Problem. The answer must consist solely of the lines below starting at the one containing "Dr. Constance Williams" and ending at the one containing "Gerek Şangay’da ve", repeated exactly, with both ends included and all pictures omitted.

Data.

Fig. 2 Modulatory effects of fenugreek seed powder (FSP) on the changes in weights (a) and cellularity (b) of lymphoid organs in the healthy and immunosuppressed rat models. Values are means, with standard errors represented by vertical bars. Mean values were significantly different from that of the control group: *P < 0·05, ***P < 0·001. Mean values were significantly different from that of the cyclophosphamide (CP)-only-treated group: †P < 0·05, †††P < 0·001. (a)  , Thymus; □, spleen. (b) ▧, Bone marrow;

---

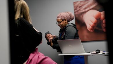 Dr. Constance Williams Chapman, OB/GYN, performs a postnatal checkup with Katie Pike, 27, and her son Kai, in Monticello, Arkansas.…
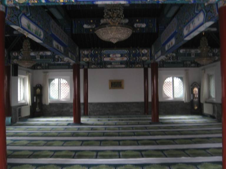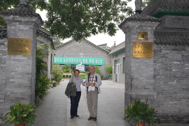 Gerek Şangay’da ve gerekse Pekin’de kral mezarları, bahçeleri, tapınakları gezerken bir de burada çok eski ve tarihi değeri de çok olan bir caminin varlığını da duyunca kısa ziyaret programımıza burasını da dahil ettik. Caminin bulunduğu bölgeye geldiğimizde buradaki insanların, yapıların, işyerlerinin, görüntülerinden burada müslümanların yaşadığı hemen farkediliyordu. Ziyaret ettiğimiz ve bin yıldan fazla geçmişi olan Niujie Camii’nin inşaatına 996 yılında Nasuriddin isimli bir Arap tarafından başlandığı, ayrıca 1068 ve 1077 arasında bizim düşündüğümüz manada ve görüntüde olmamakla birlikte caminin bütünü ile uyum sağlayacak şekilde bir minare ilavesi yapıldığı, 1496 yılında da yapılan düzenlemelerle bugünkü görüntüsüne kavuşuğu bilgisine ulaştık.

==

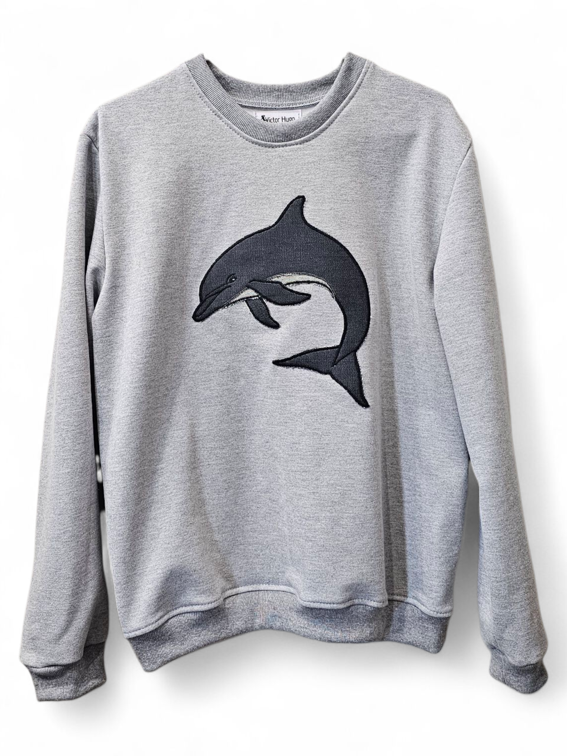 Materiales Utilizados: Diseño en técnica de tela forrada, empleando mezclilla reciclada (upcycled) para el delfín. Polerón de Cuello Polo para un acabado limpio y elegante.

Result of this exercise.
 Dr. Constance Williams Chapman, OB/GYN, performs a postnatal checkup with Katie Pike, 27, and her son Kai, in Monticello, Arkansas.…
 Gerek Şangay’da ve gerekse Pekin’de kral mezarları, bahçeleri, tapınakları gezerken bir de burada çok eski ve tarihi değeri de çok olan bir caminin varlığını da duyunca kısa ziyaret programımıza burasını da dahil ettik. Caminin bulunduğu bölgeye geldiğimizde buradaki insanların, yapıların, işyerlerinin, görüntülerinden burada müslümanların yaşadığı hemen farkediliyordu. Ziyaret ettiğimiz ve bin yıldan fazla geçmişi olan Niujie Camii’nin inşaatına 996 yılında Nasuriddin isimli bir Arap tarafından başlandığı, ayrıca 1068 ve 1077 arasında bizim düşündüğümüz manada ve görüntüde olmamakla birlikte caminin bütünü ile uyum sağlayacak şekilde bir minare ilavesi yapıldığı, 1496 yılında da yapılan düzenlemelerle bugünkü görüntüsüne kavuşuğu bilgisine ulaştık.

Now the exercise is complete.